The executive director of the Clark Center for Entrepreneurship began his journey long before any rubber met the road when an Oxford University study revealed that 47 percent of jobs across 702 occupations will become obsolete over the next decade.

Why? In a word, “automation,” says the 60-year-old businessman who has launched six companies over the span of his career. “Anything that can be automated, will be automated,” he says. In supply chain and logistics, this will become increasingly acute as delivery drones, e-commerce, robotics in manufacturing, and driverless vehicles become the norm rather than the exception.

 In fact, this day has already arrived. Foxconn Technology Group, a Taiwanese multinational electronics contract manufacturer, just eliminated 6,000 employees by adding robotics to its lines; a trend Glauser predicts will continue.

“There will be great jobs for people in software engineering, hardware and app development, Big Data analytics and robotics, but those new jobs are not going to fully replace the ones lost in retailing, manufacturing and logistics,” he says. “More and more of us are going to have to produce our own positions … and take responsibility for creating our own livelihoods.”

Not only that, but the latest Gallup Engagement Survey showed that 70 percent U.S. workers do not like their jobs, nor are they engaged in their work. “They do it because they have to do it,” Glauser says. “Now, people are increasingly saying they are not going to do this anymore. The largest groups of entrepreneurs starting new companies are age 50 or more.”

With this knowledge in hand, the Utah State University business management professor decided to embark on a quest that combined his passion for pedaling and with his interest in career changes. The culmination of his efforts is the Main Street Project, which was designed to answer the question “How do I create a job?” and provide dissatisfied and displaced workers with a roadmap to entrepreneurial alternatives.

Glauser and three associates whizzed across America on the Trans America Trail, a bike trail that runs from Oregon to Virginia, to interview successful entrepreneurs in 100 small towns across the country and learn how they made a living by following their passions within the communities they loved.

He discovered that “just about anybody can start and build a business,” and that most entrepreneurs share a few key characteristics.  For example, not one of the business owners Glauser met mentioned money as the key motivator for launching their business.

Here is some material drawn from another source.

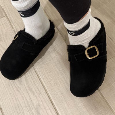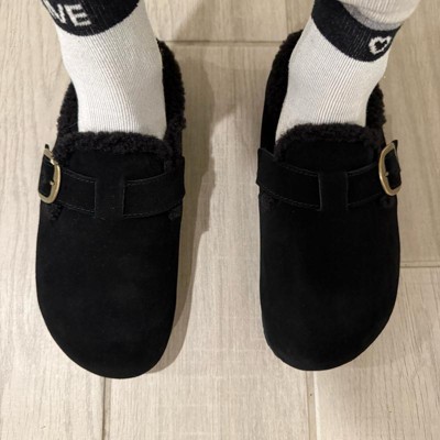 CUSHIONAIRE Haven Genuine Leather Clogs for Women – Faux Fur Lined  Slip-On Womens Shoes with Cork Footbed and Adjustable Buckle - 1 of 4

Rather, they set out to do something they enjoyed in a community they loved. They also built their businesses on something they really knew well. “They knew who the suppliers and manufacturers were, and already knew what worked and what didn’t because of their own use of the product,” he says.

These entrepreneurs also had a brain trust to turn to for advice, and were masters at maximizing resources. “Few of them had any funding,” Glauser says. “They had to quickly assemble a prototype, get out to market, sell it, and build the company with their cash flow.”

They also had multiple streams of revenue. One business, he discovered, designed biomass plants, but also built them and managed their operations. “This business had three different sources of revenue that complemented each other,” he says.

And, Main Street entrepreneurs believe in giving back. They donate to schools, teach classes, mentor other entrepreneurs, and use their resources to better the city. “This endeared them to the community. Citizens loved them and wanted to make sure they stuck around,” he says.

Glauser describes his findings as a return to a hundred years ago, before the American dream consisted of a climb up the corporate ladder. In the old days, he says, people found a niche in their communities and charted their own course to fill the gap.

Glauser shares the insights he uncovered while rolling across America in “Main Street Entrepreneur: Build Your Dream Company Doing What You Love Where You Live.”

He also offers others a single piece of unsolicited advance: “Life is short. Don’t wait to pursue a dream. Plan it into your life. It might be something you have to plan one to five years out, but make sure you do it.”